◆ REQUIREMENT ◆
Up to and including the line bearing "Dawson County’s Jimmy", output every line of the entries exactly as written, starting from the first; pictures stay out.

··· RECORDS FOR THIS TASK

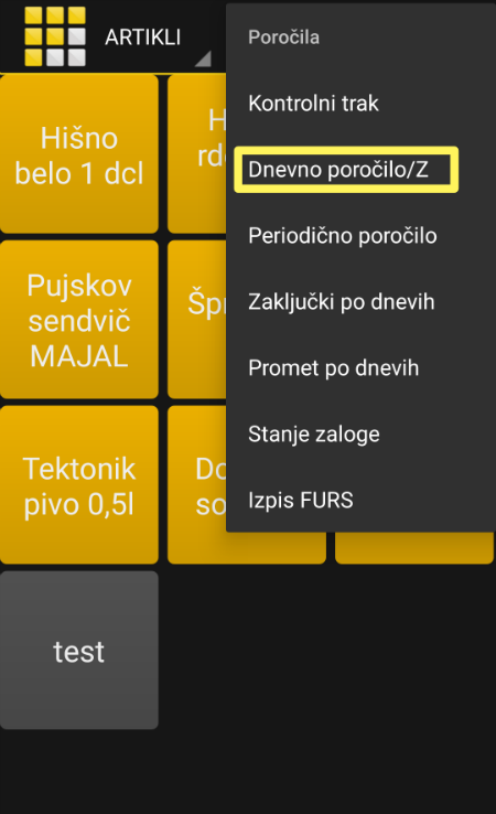 Dnevni zaključek naredimo tako, da izberemo meni - Poročila - Dnevno poročilo/Z.
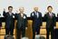 2025日本万国博覧会誘致委員会の発足式典で記念撮影する(左から)大阪府の松井一郎知事、経団連の榊原定征会長、お笑いコンビ「ダウンタウン」の松本人志さんと浜田雅功さん=2017年3月27日、東京都千代田区
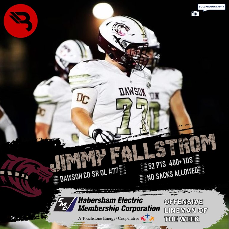Dawson County’s Jimmy Fallstrom (OL) and Rabun County’s Chris Thompson (DL) have been named the Habersham EMC Linemen of the Week by BLITZ.
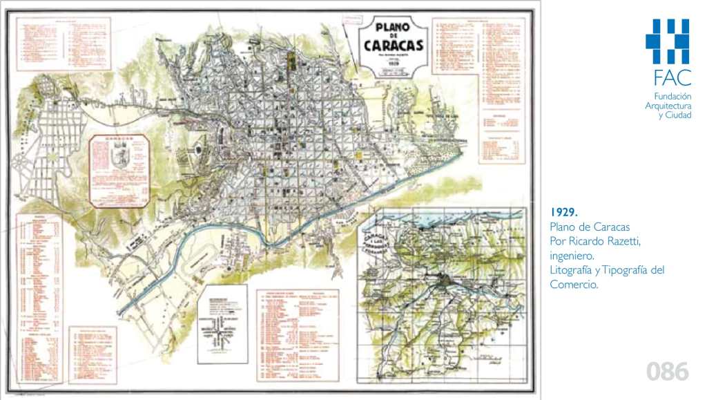 En 1929, Ricardo Razetti, quien desde 1897 se ocupaba de registrar la evolución de Caracas, realiza su última representación gráfica de la ciudad que será reproducida por la imprenta Litografía y Tipografía del Comercio.
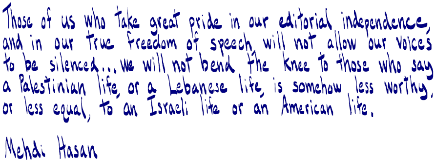 Those of us who take great pride in our editorial independence, and in our true freedom of speech, will not allow our voices to be silenced… we will not bend the knee to those that say a Palestinian life, or a Lebanese life, is somehow less worthy, or less equal, to an Israeli life or an American life.
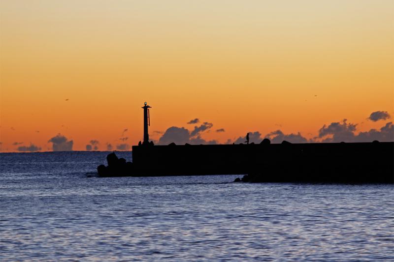 釣り人がひとり、ゆっくりと防波堤を歩いて行った。

······

◆ ANSWER ◆
 Dnevni zaključek naredimo tako, da izberemo meni - Poročila - Dnevno poročilo/Z.
 2025日本万国博覧会誘致委員会の発足式典で記念撮影する(左から)大阪府の松井一郎知事、経団連の榊原定征会長、お笑いコンビ「ダウンタウン」の松本人志さんと浜田雅功さん=2017年3月27日、東京都千代田区
Dawson County’s Jimmy Fallstrom (OL) and Rabun County’s Chris Thompson (DL) have been named the Habersham EMC Linemen of the Week by BLITZ.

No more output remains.